Data entries:
⁂
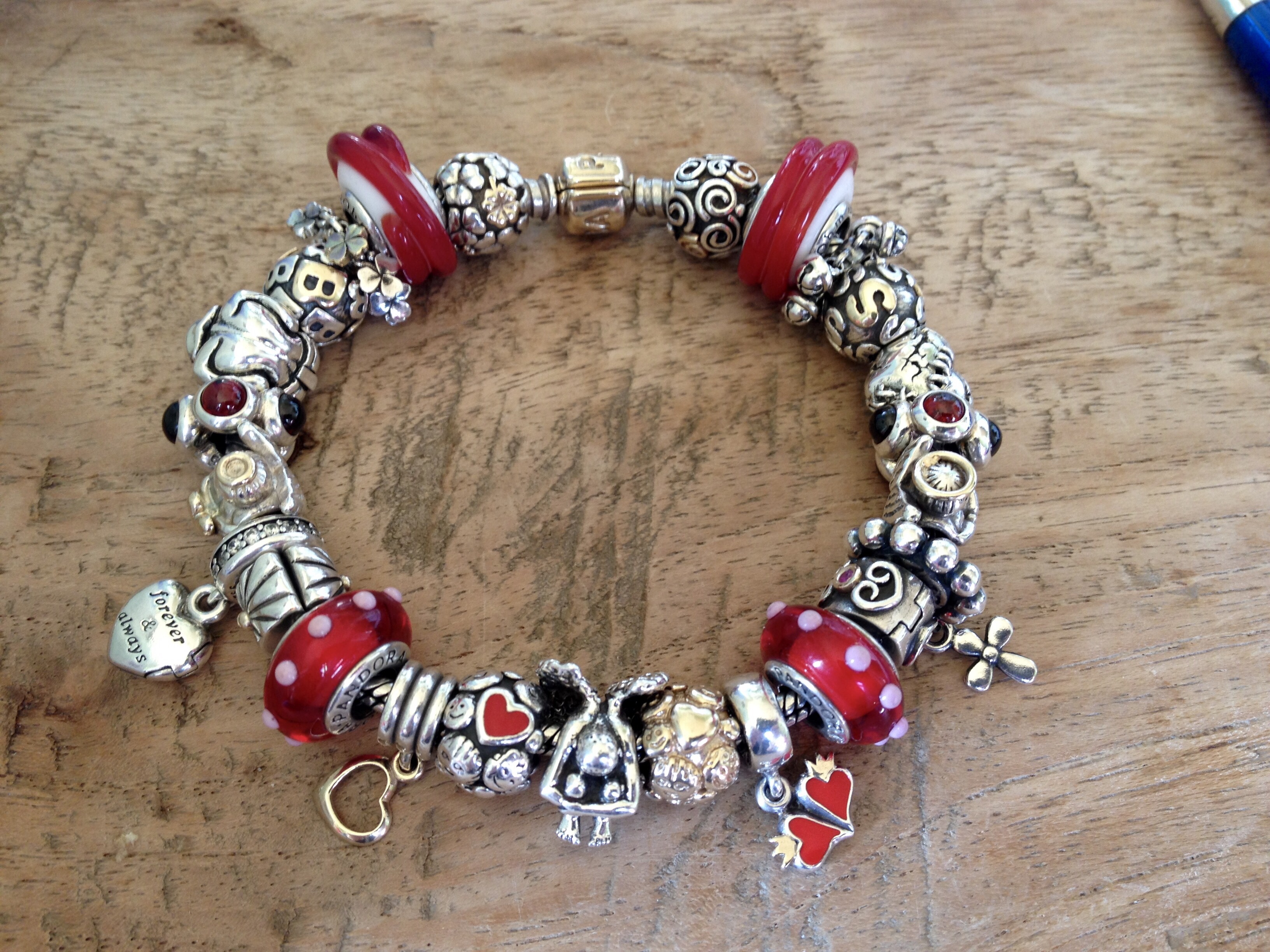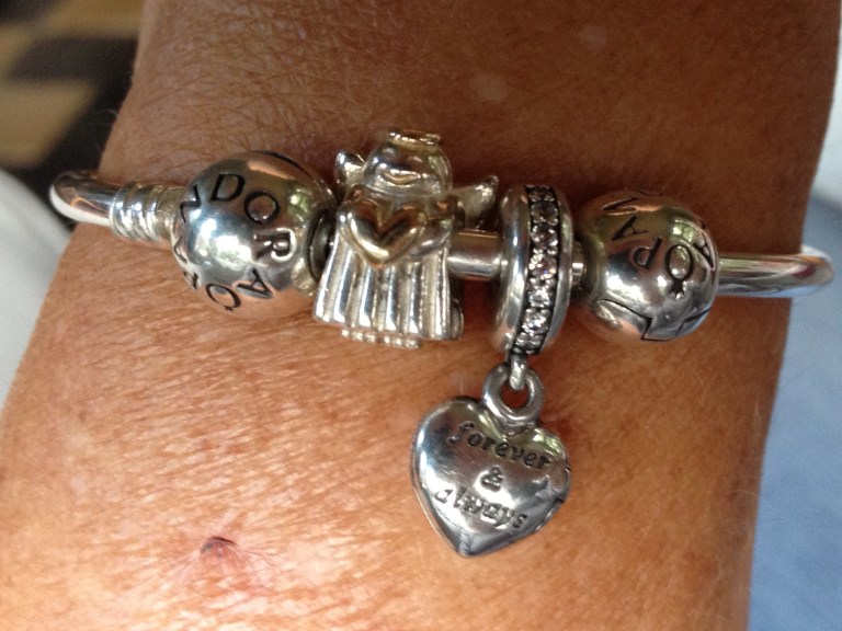 Coming around to the other two tone Pandora angel and Pandora heart dangle. These two are so very special. The Pandora heart contains some of my brother’s ashes, he died a year ago. I received the angel as a gift from an amazing group of ladies from the Pandora’s Angels Facebook page when they learned about this. I am still so grateful for such a token of love!
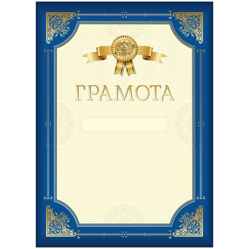 Грамота А4, BG, мелованный картон, синяя с золотой рамкой
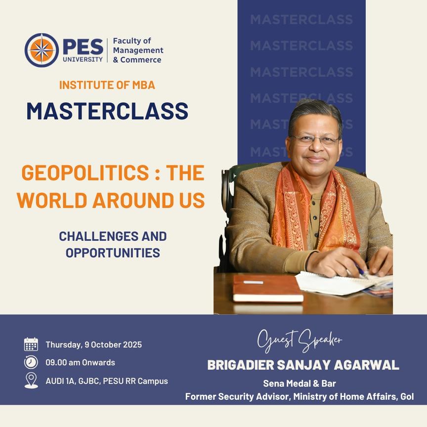 The Faculty of Management and Commerce, Institute of MBA, is organising an engaging Masterclass on the October 9, 2025, featuring Brigadier Sanjay Agarwal, Sena Medal & Bar, Former Security Advisor, Ministry of Home Affairs, Gol. He will address the MBA students on the topic: "Geopolitics: The World Around Us - Challenges and Opportunities"
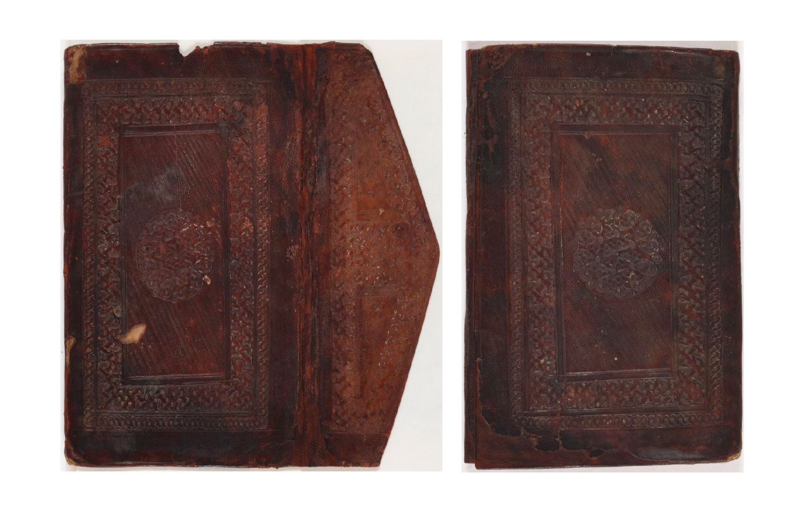 جُلِّدت هذه النسخة بتجليد قديم أحمر قرمزي من الجلد، في داخله ثلاثة إطارات دقيقة وثخينة على شكل مستطيلات تحوي بعضَها، مُزخرفةٌ زخرفةً نباتيةً مضغوطةً، تتوسطها دائرة مزخرفة بالشكل النباتي على هيئة قلادة، ويتصل بوجهه الآخر لسانٌ عريض مزخرف زخرفةً نباتيةً مضغوطةً.
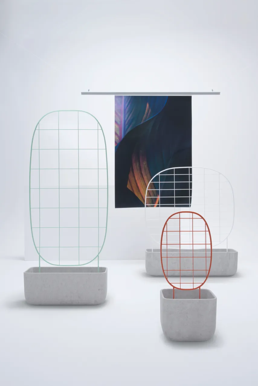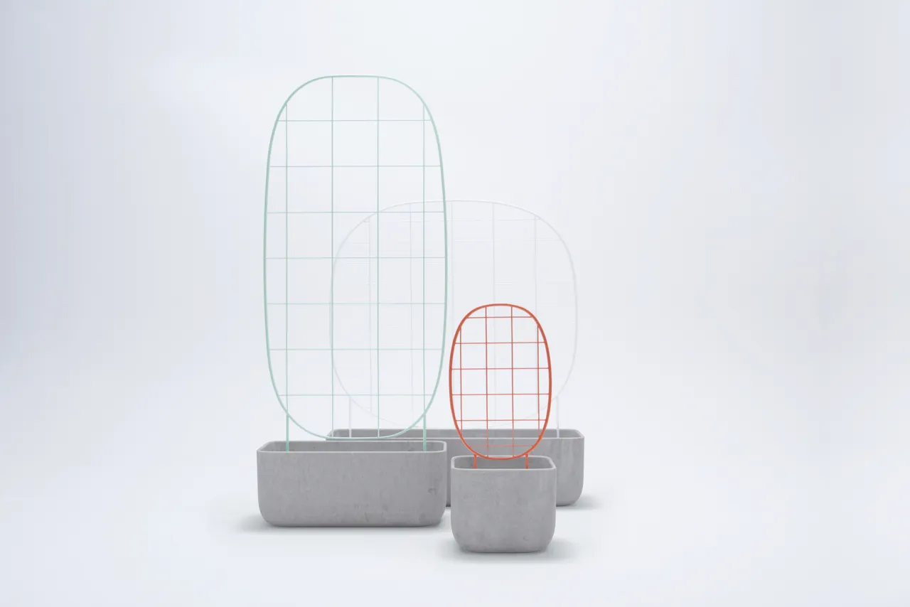 Plantrellis is a collection of outdoor furnishings consisting of three concrete planters and three metal trellises, which serve as a support for climbing plants. Plants enrich our environment – they give off oxygen and colour and create an aesthetically pleasing
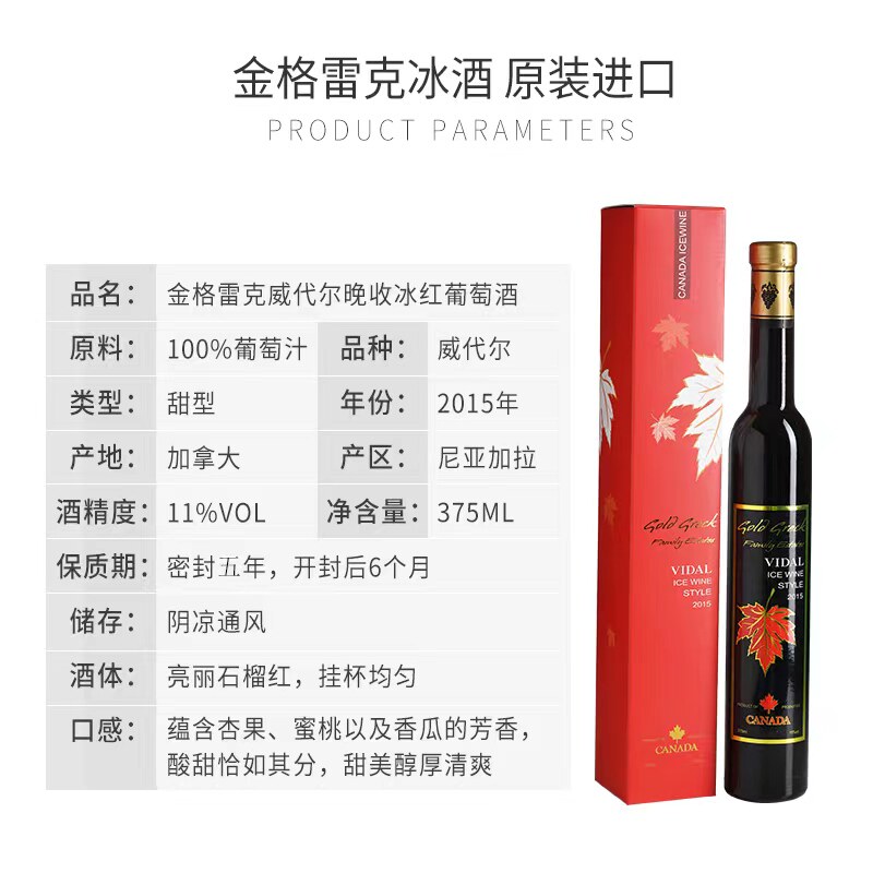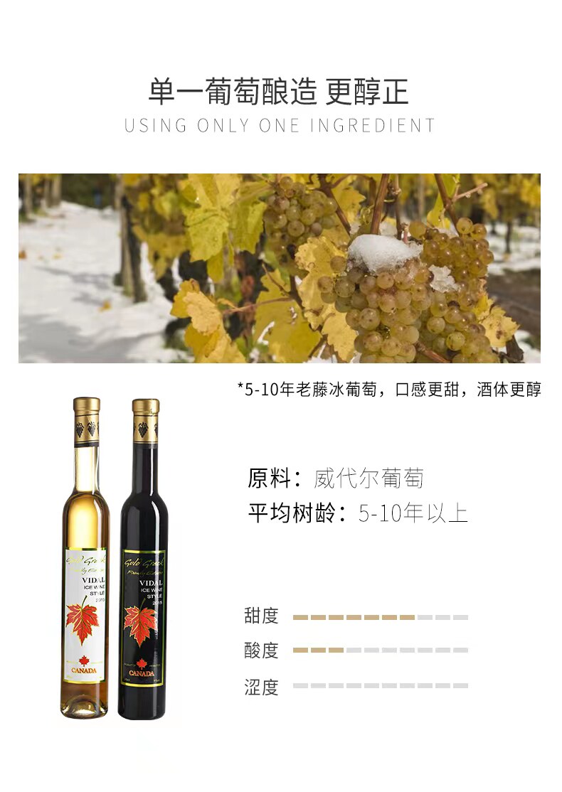 加拿大原瓶进口冰酒金格雷克威代尔晚收冰白冰红甜葡萄女士晚安酒
⁂
▸ **WHAT YOU SHOULD DO**:
Please set down the lines from the one with "The Faculty of" to the end of the entries above, exactly as they are, and drop every picture.

▸ **ANSWER BOX**:
 The Faculty of Management and Commerce, Institute of MBA, is organising an engaging Masterclass on the October 9, 2025, featuring Brigadier Sanjay Agarwal, Sena Medal & Bar, Former Security Advisor, Ministry of Home Affairs, Gol. He will address the MBA students on the topic: "Geopolitics: The World Around Us - Challenges and Opportunities"
 جُلِّدت هذه النسخة بتجليد قديم أحمر قرمزي من الجلد، في داخله ثلاثة إطارات دقيقة وثخينة على شكل مستطيلات تحوي بعضَها، مُزخرفةٌ زخرفةً نباتيةً مضغوطةً، تتوسطها دائرة مزخرفة بالشكل النباتي على هيئة قلادة، ويتصل بوجهه الآخر لسانٌ عريض مزخرف زخرفةً نباتيةً مضغوطةً.
 Plantrellis is a collection of outdoor furnishings consisting of three concrete planters and three metal trellises, which serve as a support for climbing plants. Plants enrich our environment – they give off oxygen and colour and create an aesthetically pleasing
 加拿大原瓶进口冰酒金格雷克威代尔晚收冰白冰红甜葡萄女士晚安酒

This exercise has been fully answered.